→ **Data for this task**:
------------------------------

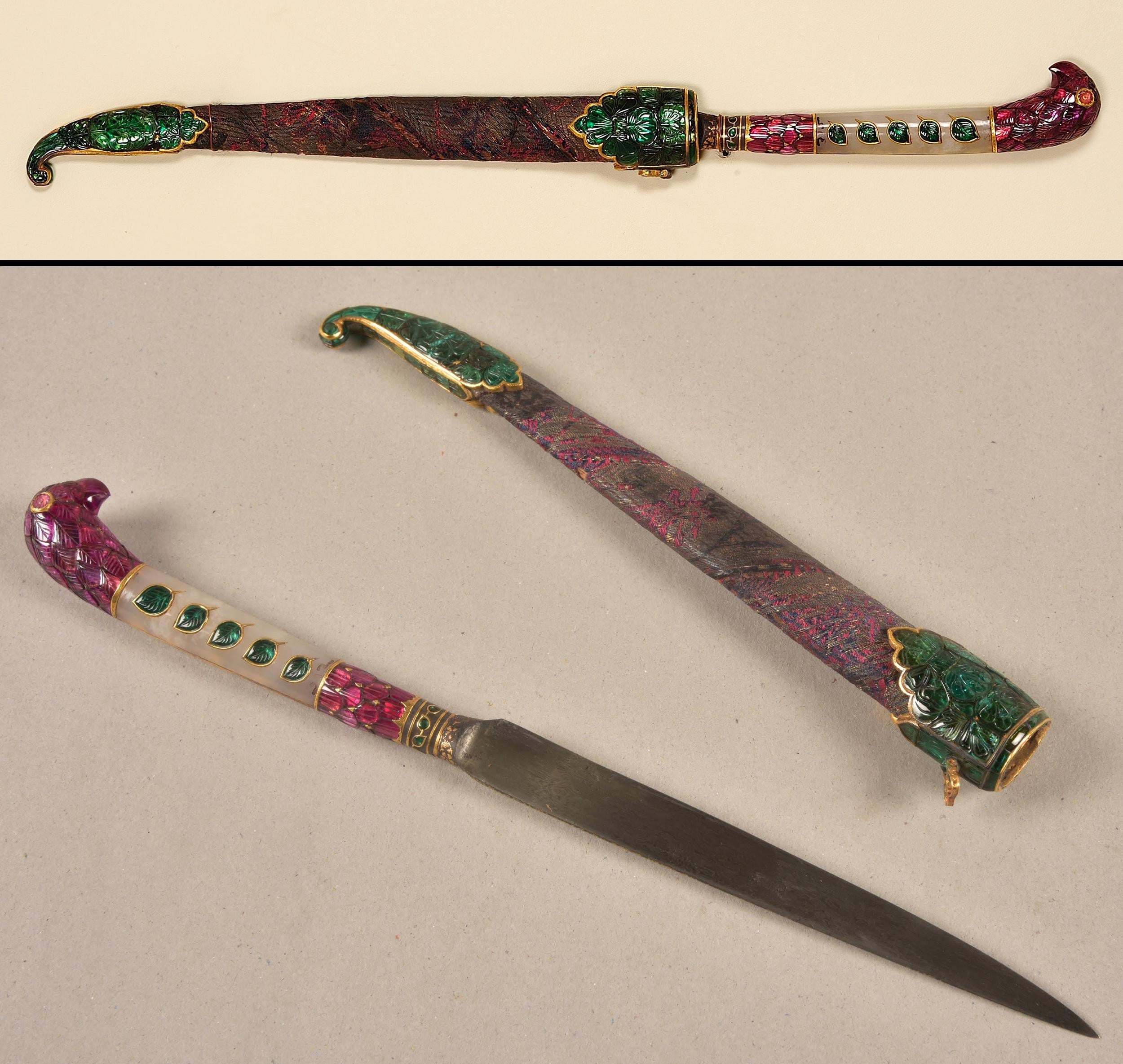 The fruit knife of queen Nur Jahan, emperor Jahangir’s 20th wife, with parrot’s head handle made of jade, ruby and emeralds. India, Mughal Empire, 17th century [2500×2370]
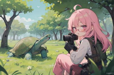 masterpiece, best quality, extremely detailed, anime, (1 white cup noodle), (1 plastic fork), (grabbing a cup noodle:1.3), (grabbing a fork:1.3), (outdoor camping:1.4) , (1girl, pink eyes, pink long messy hair, red rim eyeglass:1.4) , laughing , (yellow outdoor wear:1.3), long pants , long socks, green climbing shoes, sitting on log, from above,
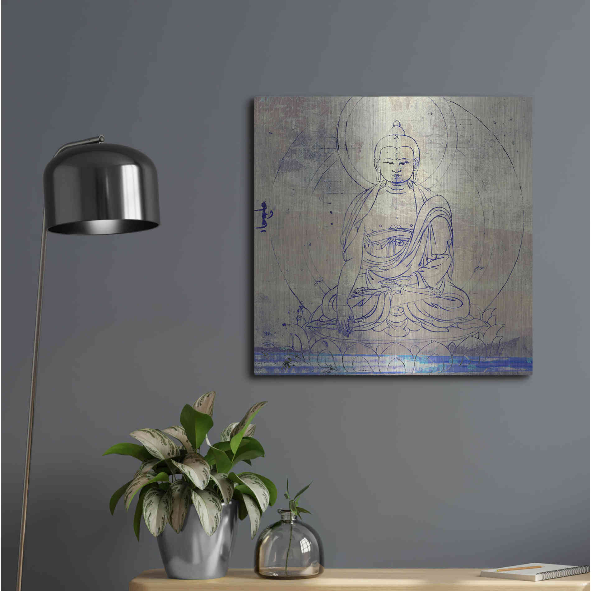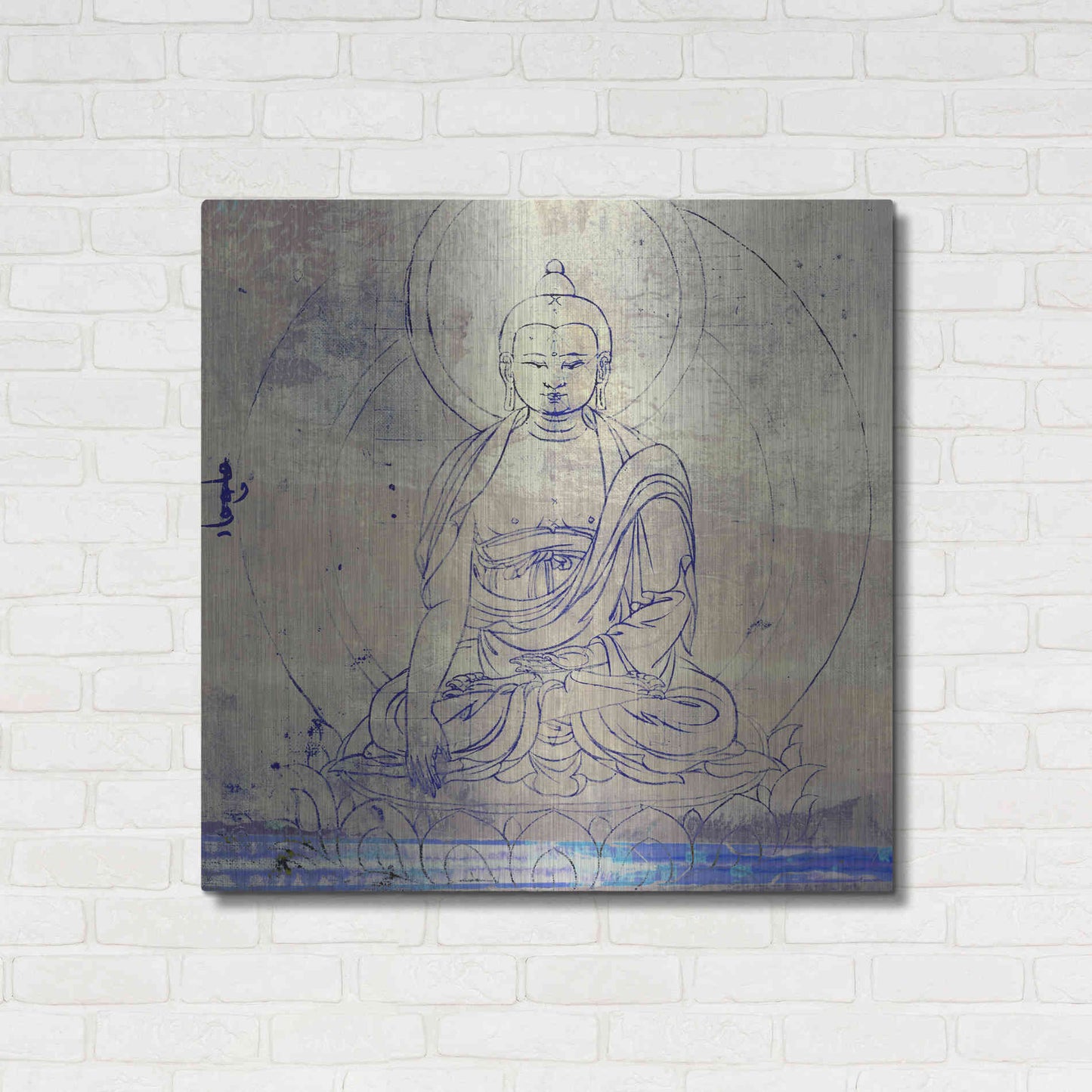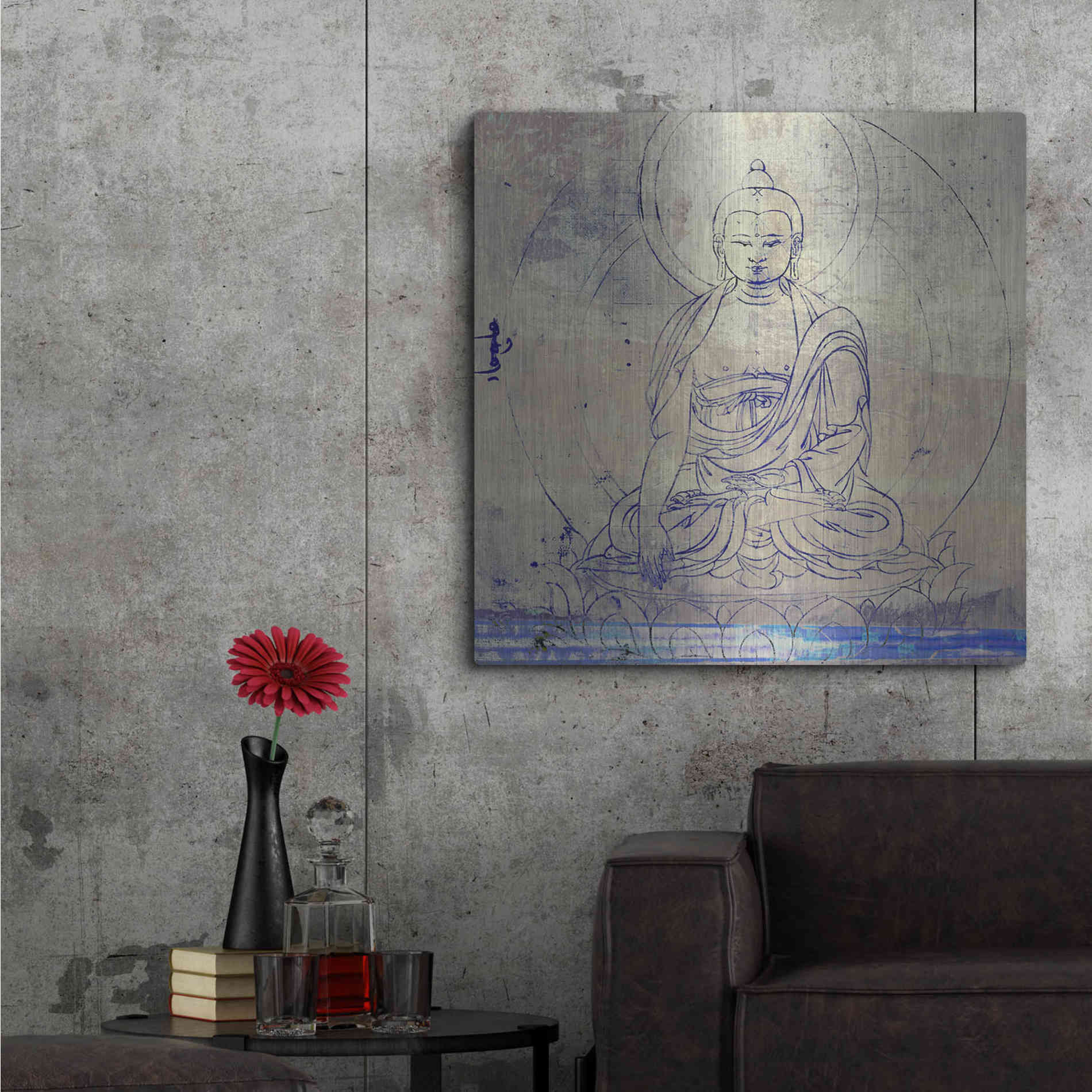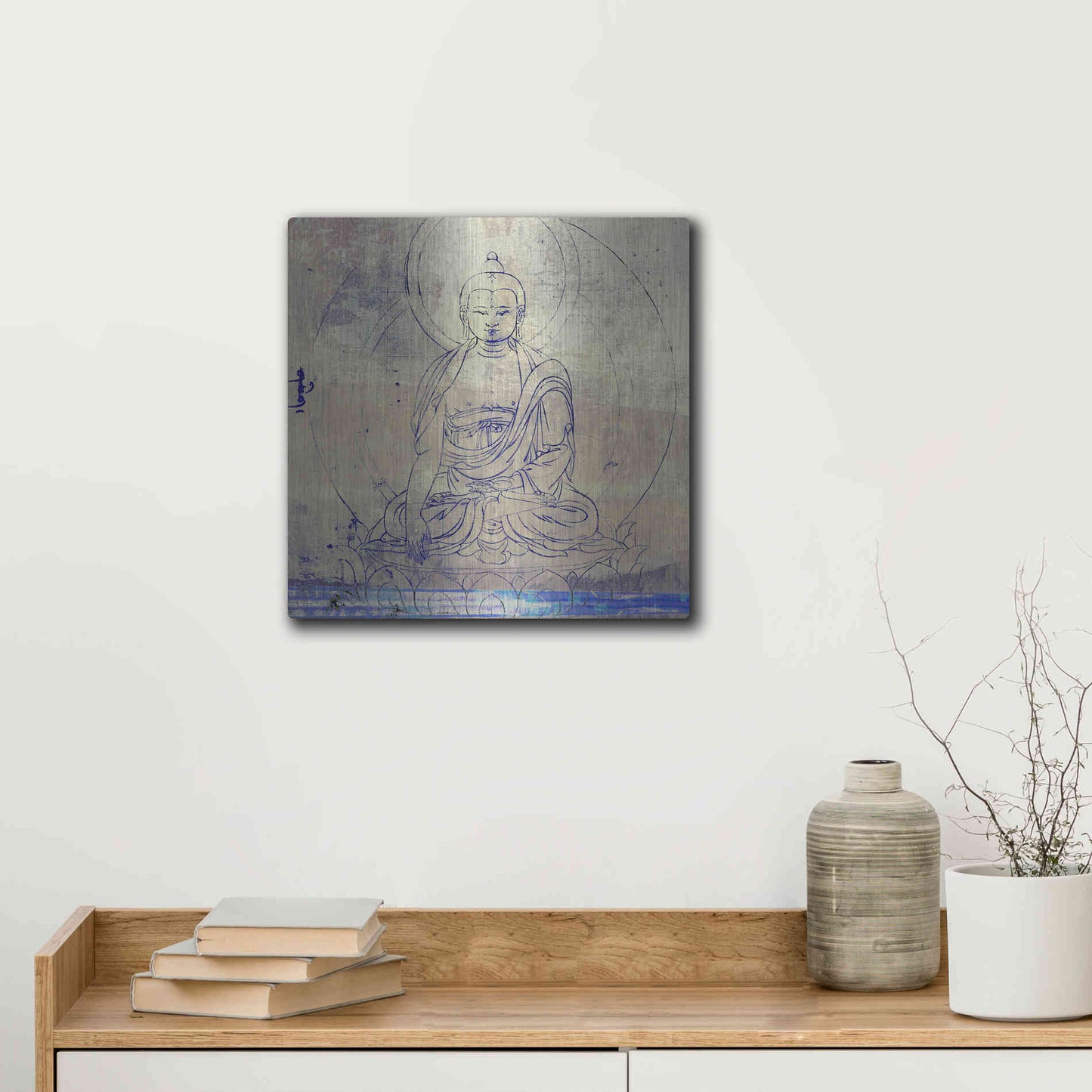 Luxe Metal Art 'Lotus Position' by Elena Ray, Metal Wall Art Featuring a digital illustration of an Asian deity on grunge background. Elena Ray is an artist exploring psychological revelation, spiritual unfolding, healing, and energy work with a foc
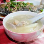 鲫鱼、铁棍山药、瘦肉、干贝、玉竹、红枣、姜片、油、盐。
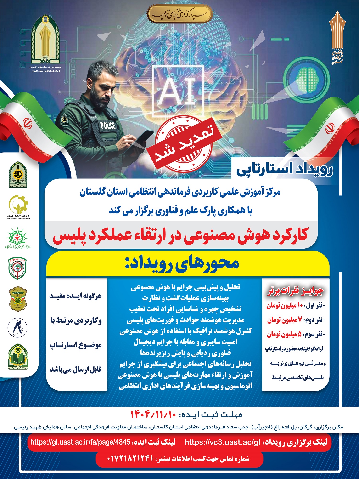 رویداد استارتاپی مرکز آموزش علمی کاربردی فرماندهی انتظامی استان گلستان تعداد بازدید:۶۲۳ ارسال به دیگران نام شما ایمیل شما ایمیل دریافتکننده ارسال انصراف لینک محورهای رویداد استارتاپی لینک ثبت نام رویداد استارتاپی کارکرد هوش مصنوعی در ارتقاء عملکرد پلیس
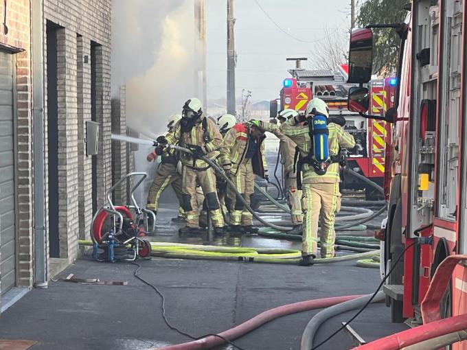 Het gaat om een huizenrij met drie woningen naast elkaar. De brand woedt in de verste woning en die is reddeloos verloren. De brandweer probeert te voorkomen dat het vuur overslaat op de middelste woning. Daar was niemand thuis. De bewoonster van het getroffen huis werd met de ziekenwagen naar het ziekenhuis overgebracht. Ze liep een rookvergiftiging op en was thuis op het ogenblik dat het brandde. Of ze ook brandwonden opliep is niet duidelijk. Volgens de eerste vaststellingen zou de brand ontstaan zijn bij een extra kacheltje. Een hond zou in de brand gebleven zijn.
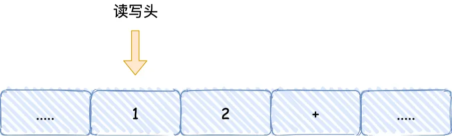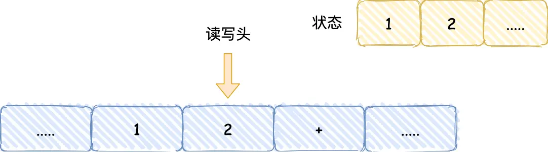 - 首先,用读写头把 「1、2、+」这 3 个字符分别写入到纸带上的 3 个格子,然后读写头先停在 1 字符对应的格子上;
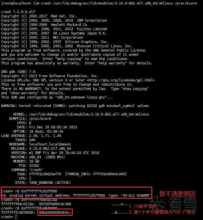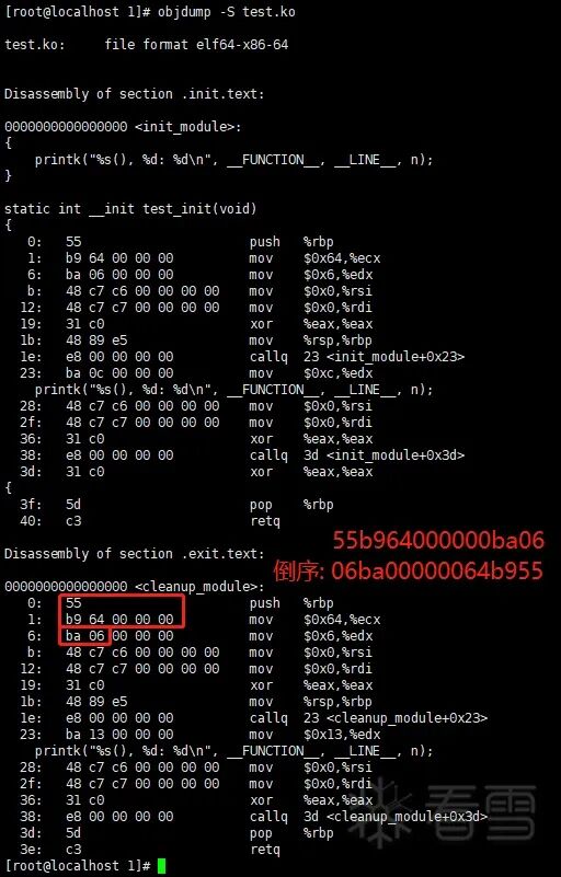 ③ 查看这两个内存地址的内容,与test_init()/test_exit()函数反汇编的机器码对比(这种方式要求系统安装了内核debuginfo)
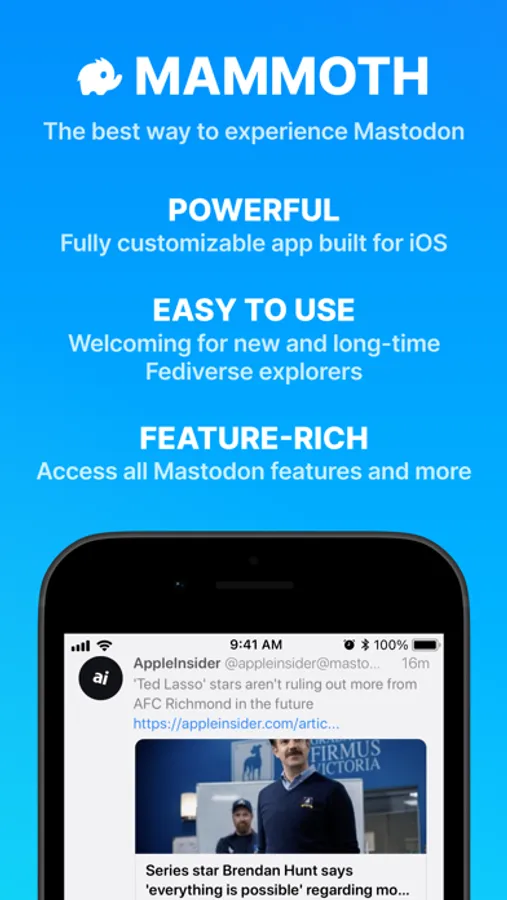 Mammoth is great for new and long-time users alike. Our built-in simple onboarding tool helps you get started with Mastodon, including setting up your account. Our extensive feature set makes it the go-to app for all your Mastodon needs. Siri Shortcuts and Share Extensions also means that the fun doesn’t stop when you leave the app.
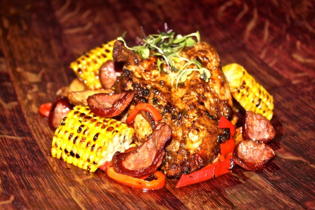Chicken breast with kipfler potato, chorizo, burnt corn, capsicum, parsley, churmoula and jus.
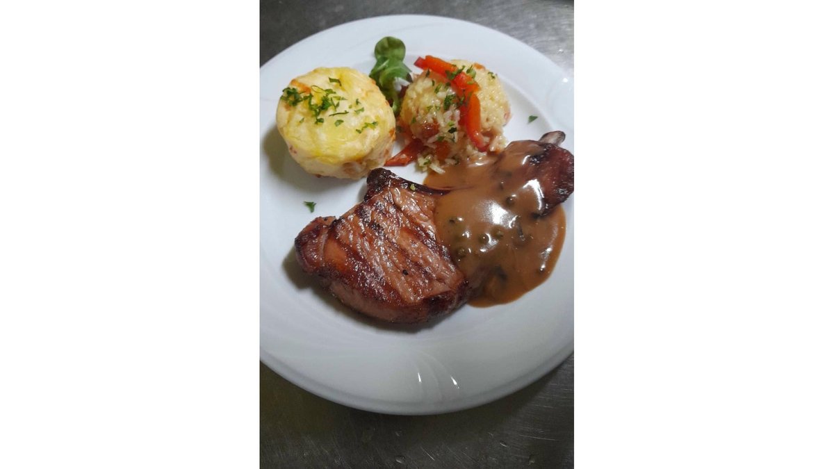Cotlet de porc afumat, ciuperci, sos de piper verde pudră, unt, Con Alexandrion 5*, pâine 150 g/50g
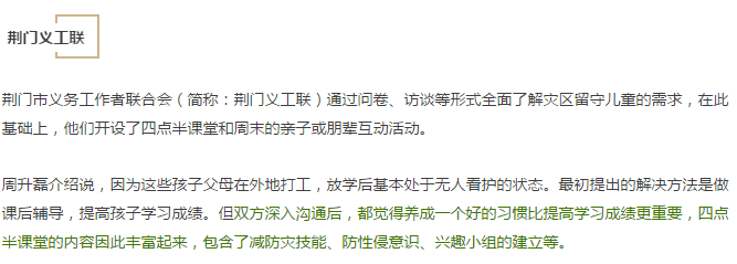 周升磊补充说,“如果在全省范围内比较,湖北公益要看武汉,武汉公益要看武昌,因为武昌被政府选为公益创新的试点去推动。”

------------------------------

→ **Work required**: Above are the records; restate exactly the lines from the one containing "masterpiece, best quality, extremely" through the one containing "رویداد استارتاپی مرکز", keeping pictures out.

→ **Reply to the task**:
 masterpiece, best quality, extremely detailed, anime, (1 white cup noodle), (1 plastic fork), (grabbing a cup noodle:1.3), (grabbing a fork:1.3), (outdoor camping:1.4) , (1girl, pink eyes, pink long messy hair, red rim eyeglass:1.4) , laughing , (yellow outdoor wear:1.3), long pants , long socks, green climbing shoes, sitting on log, from above,
 Luxe Metal Art 'Lotus Position' by Elena Ray, Metal Wall Art Featuring a digital illustration of an Asian deity on grunge background. Elena Ray is an artist exploring psychological revelation, spiritual unfolding, healing, and energy work with a foc
 鲫鱼、铁棍山药、瘦肉、干贝、玉竹、红枣、姜片、油、盐。
 رویداد استارتاپی مرکز آموزش علمی کاربردی فرماندهی انتظامی استان گلستان تعداد بازدید:۶۲۳ ارسال به دیگران نام شما ایمیل شما ایمیل دریافتکننده ارسال انصراف لینک محورهای رویداد استارتاپی لینک ثبت نام رویداد استارتاپی کارکرد هوش مصنوعی در ارتقاء عملکرد پلیس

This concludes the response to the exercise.